After=network.target
MemoryAccounting=true
MemoryHigh=1024K
MemoryMax=4096K

[Service]
ExecStart=/data/memgoble 8388600

systemd version is 237. However, no matter what I set in the MemoryMax the kernel would kill the process on its own terms, usually when its memory consumption reaches almost the entire physical RAM. I'm running this on an embedded system with no swap.

Anyone sees an obvious error in the configuration? Perhaps there are some other settings that I'm missing.

ilya1725
  • 263
  • 1
    Have you considered using ulimit older simpler, and should work in this case. – ctrl-alt-delor Jun 11 '18 at 23:18
  • Unfortunately, I don't have a choice in this matter. systemd is the only option. Based on the man page the MemoryMax should work for a service. It just doesn't for some reason. – ilya1725 Jun 11 '18 at 23:25
  • you do have an option to consider it.

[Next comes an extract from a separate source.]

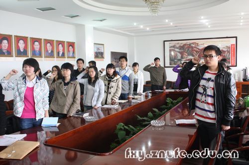 “我志愿加入中国共产党,拥护党的纲领,遵守党的章程,履行党员义务……”面向鲜红的党旗、金黄色的党徽,法学院2010级全体党员用铿锵有力的声音,重温入党誓词,作出一份掷地有声的承诺。在庄严肃穆的氛围中,法学院2010级学生党建办公室正式成立。

It looks like you did. – ctrl-alt-delor Jun 12 '18 at 11:05
  • 5
    @ctrl-alt-delor ulimit doesn't work for memory restrictions. The last kernel to support it (RLIMIT_RSS) was 2.4.30, which is 12 years old. See https://unix.stackexchange.com/a/32375/4358 – phemmer Jun 12 '18 at 12:25
  • I also had the error: Unknown lvalue 'MemoryMax' in section 'Service' I have an older version of systemd and so I had to use MemoryLimit instead of MemoryMax. – Paddy Newman Nov 18 '19 at 14:24

1 Answers1

23

You have the config parameters in the wrong section.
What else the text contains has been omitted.